Aim of the exercise => Please transcribe the data below in full, word for word, without the images.
=== Data below ===
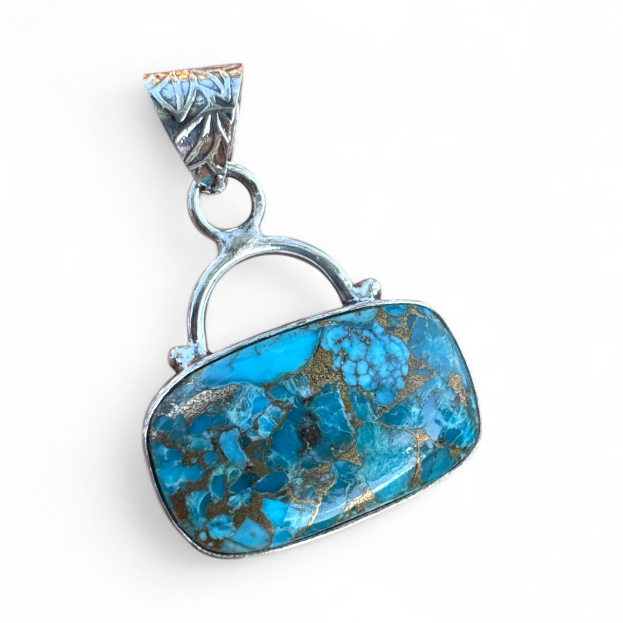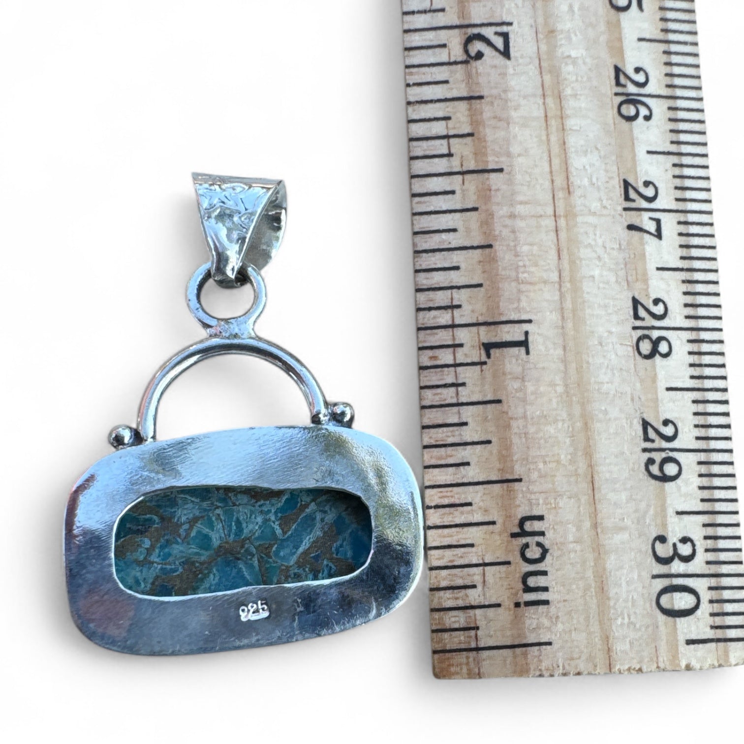 Kingman Blue Copper Turquoise Solid 925 Sterling Silver Pendant
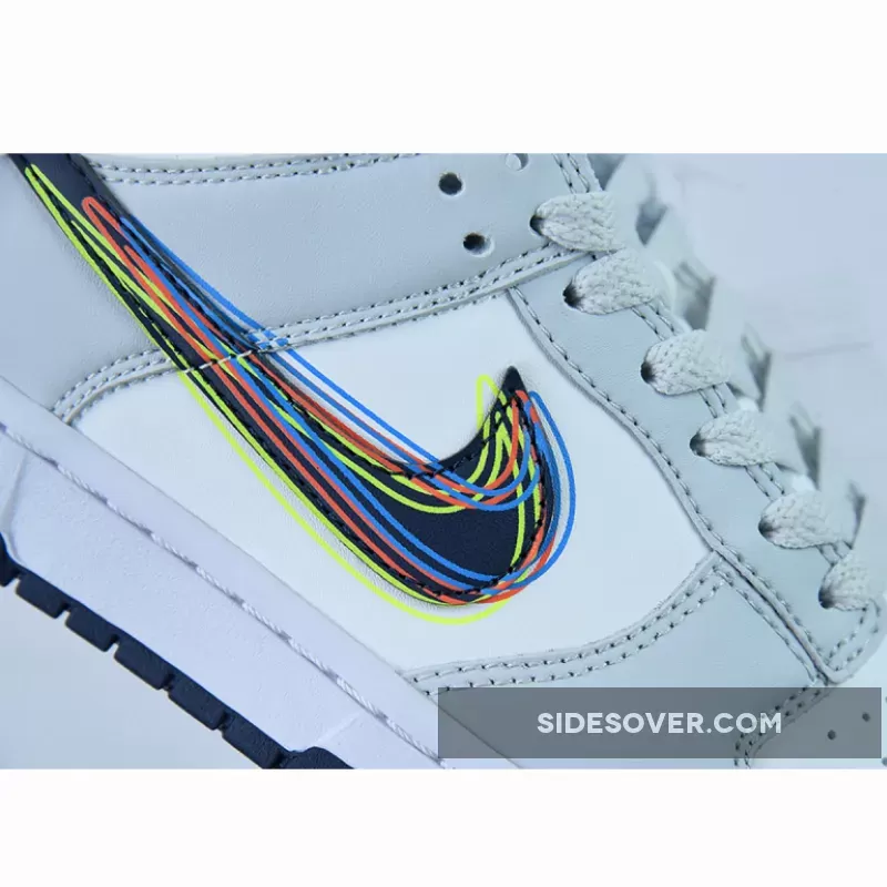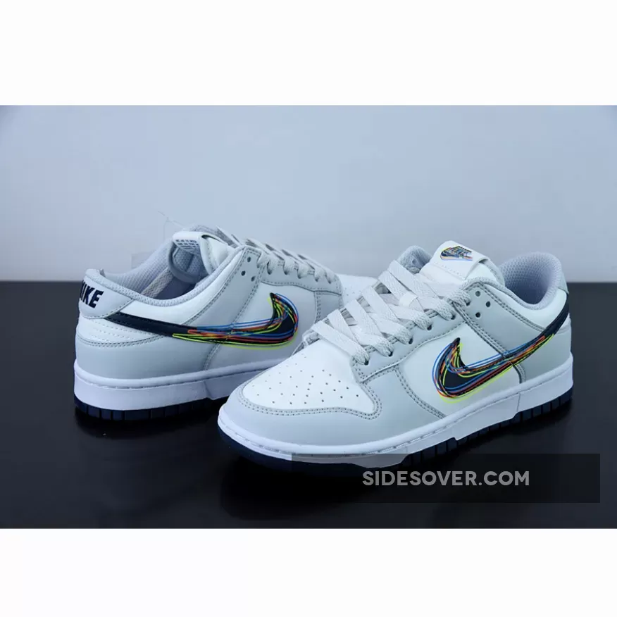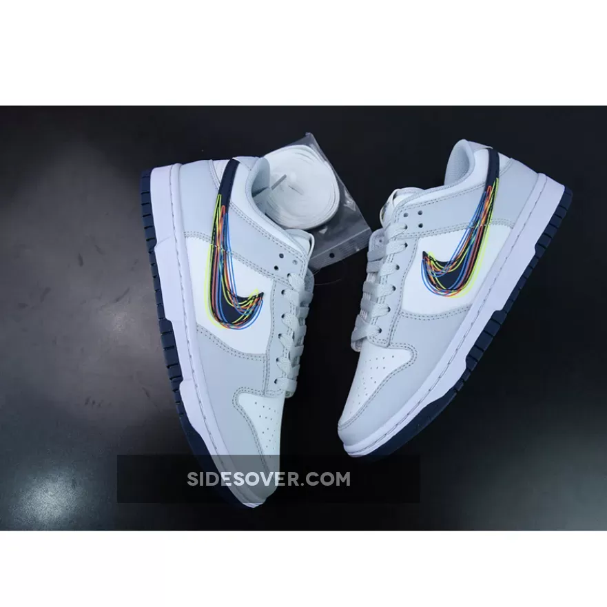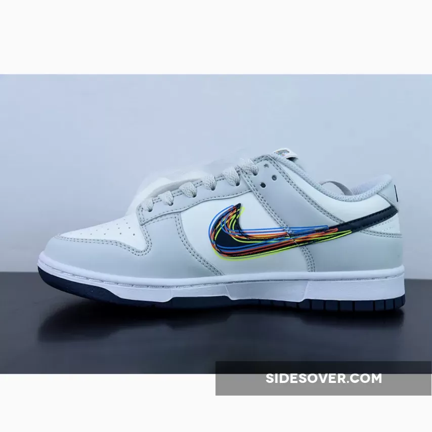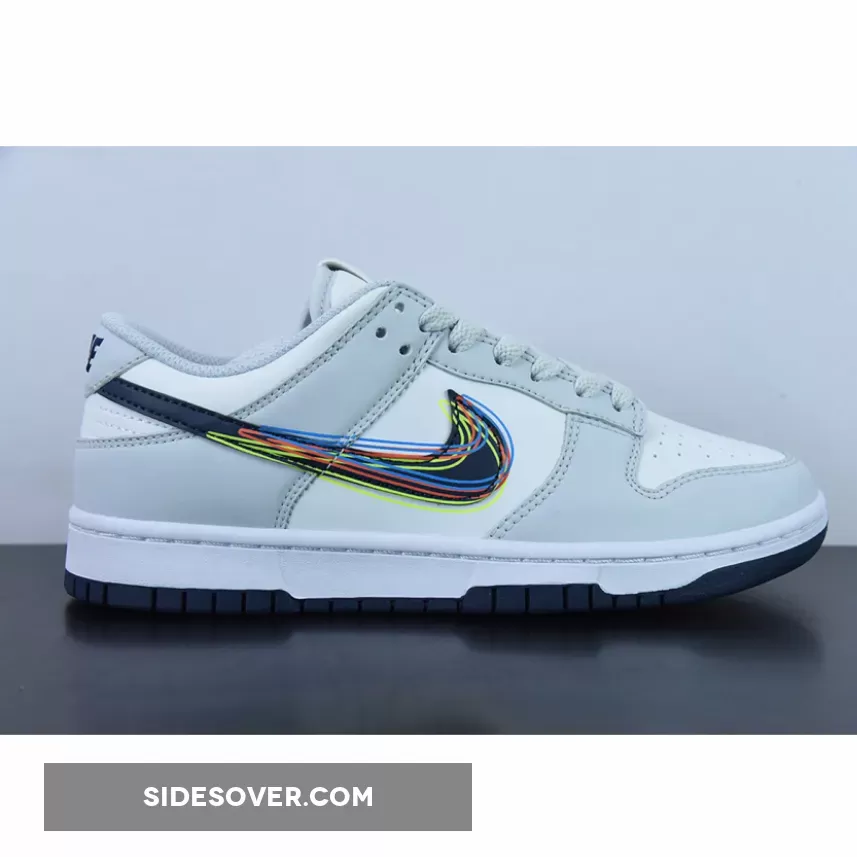 Boasting the right amount of elegance and edginess, the Nike Dunk Low 3D Swoosh White Grey is a versatile shoe that you can pair with multiple outfits. It starts off with a traditional Dunk Low design featuring a smooth white leather base that shows in the perforated toe box, side panels and heel. On top, are elegant grey overlays that cover the mudguard, eye stays and foxing. The main attraction is the spiced up Swoosh design that showcases multicoloured overlapping Nike Swooshes in shades of neon green, bold red and cobalt blue.
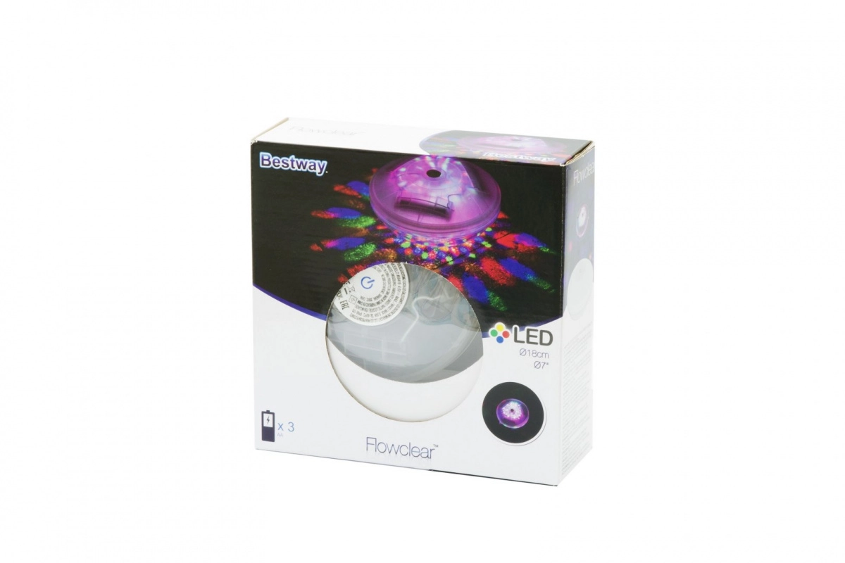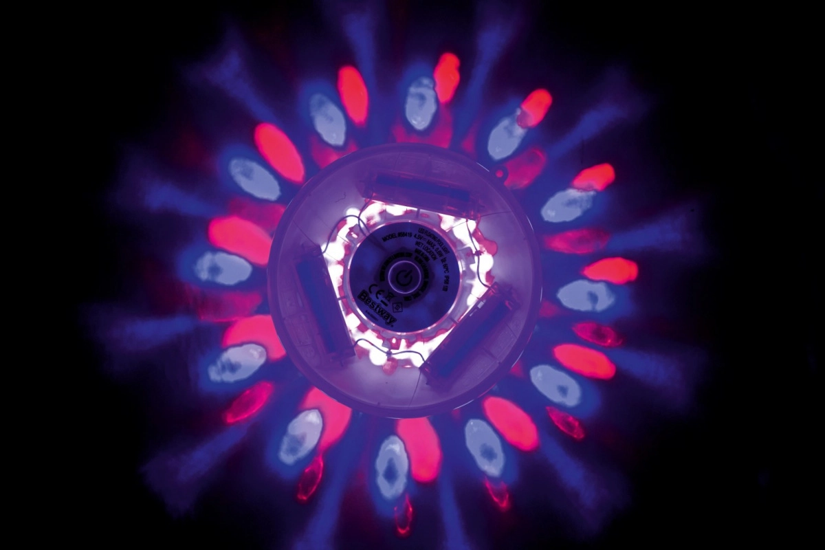 Das schwimmende LED-Poollicht BESTWAY ist ein stilvolles und praktisches Accessoire für abendliches Schwimmen, Gartenpartys und romantische Momente. Ohne Kabel und aufwendige Installation sorgt es für eine effektvolle Beleuchtung der Wasseroberfläche in 4 Farben (Rot, Blau, Gelb, Grün) und mit 7 dynamischen Modi. Einfach Batterien einlegen, auf die Wasseroberfläche legen und die Taste drücken.
===
Answer box =>
 Kingman Blue Copper Turquoise Solid 925 Sterling Silver Pendant
 Boasting the right amount of elegance and edginess, the Nike Dunk Low 3D Swoosh White Grey is a versatile shoe that you can pair with multiple outfits. It starts off with a traditional Dunk Low design featuring a smooth white leather base that shows in the perforated toe box, side panels and heel. On top, are elegant grey overlays that cover the mudguard, eye stays and foxing. The main attraction is the spiced up Swoosh design that showcases multicoloured overlapping Nike Swooshes in shades of neon green, bold red and cobalt blue.
 Das schwimmende LED-Poollicht BESTWAY ist ein stilvolles und praktisches Accessoire für abendliches Schwimmen, Gartenpartys und romantische Momente. Ohne Kabel und aufwendige Installation sorgt es für eine effektvolle Beleuchtung der Wasseroberfläche in 4 Farben (Rot, Blau, Gelb, Grün) und mit 7 dynamischen Modi. Einfach Batterien einlegen, auf die Wasseroberfläche legen und die Taste drücken.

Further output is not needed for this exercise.